1) Introducing new interpreter operations for them. Their implementation is simple. 2) Introduce an additional type descriptor bitset (vector<bool>) for the byte code. This is only used by the jit compiler. Small memory increase.

I am open to other ideas as well. What do you think?

clover2123 commented 4 months ago

@zherczeg IMHO 1st option seems more proper than the other because its simple as you mentioned

Introducing new interpreter operations for them. Their implementation is simple.

zherczeg commented 4 months ago

The patch now passes the regression tests.
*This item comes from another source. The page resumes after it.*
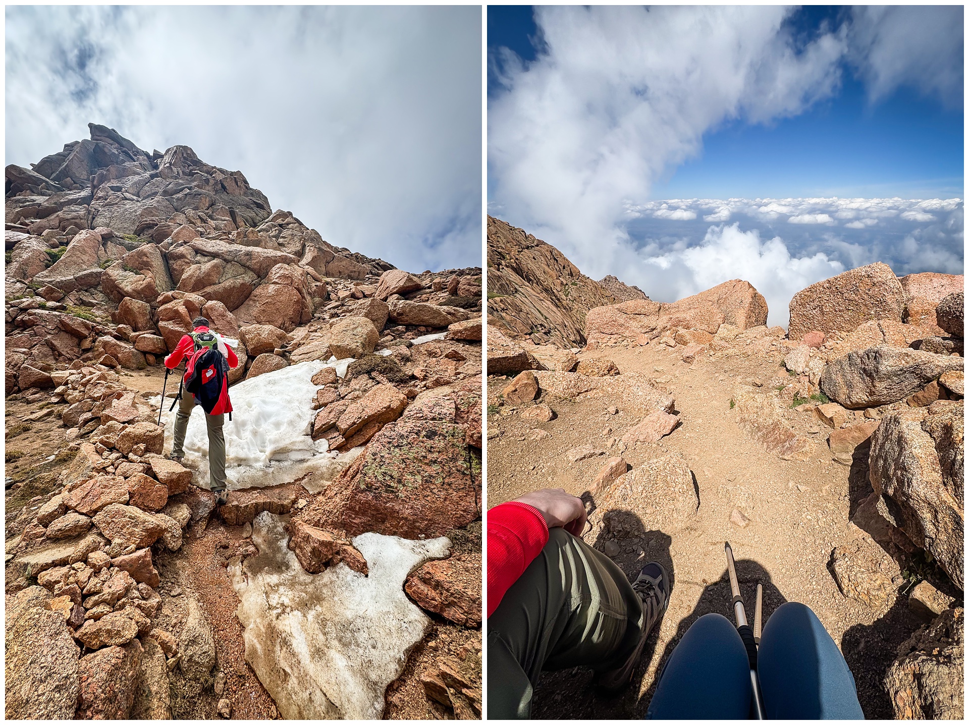 Being above this point in a storm isn’t safe, but we pressed on — and fortunately, no serious storm materialized. But those dramatic clouds still made for a powerful experience. My favorite part of this Pikes Peak hike was that striking cloudscape we encountered as we made the last leg of our ascent. These final few miles are usually the hardest, given that fatigue is increasing and oxygen is decreasing.

I have added a --jit-no-reg-alloc (JITFlagValue::disableRegAlloc) to disable the register allocation at runtime.

clover2123 commented 4 months ago

Why did you add an option (--jit-no-reg-alloc) for register allocation? Just for comparison?

zherczeg commented 4 months ago

And for debugging. It is not necessary, I can remove it. Or it can be removed later.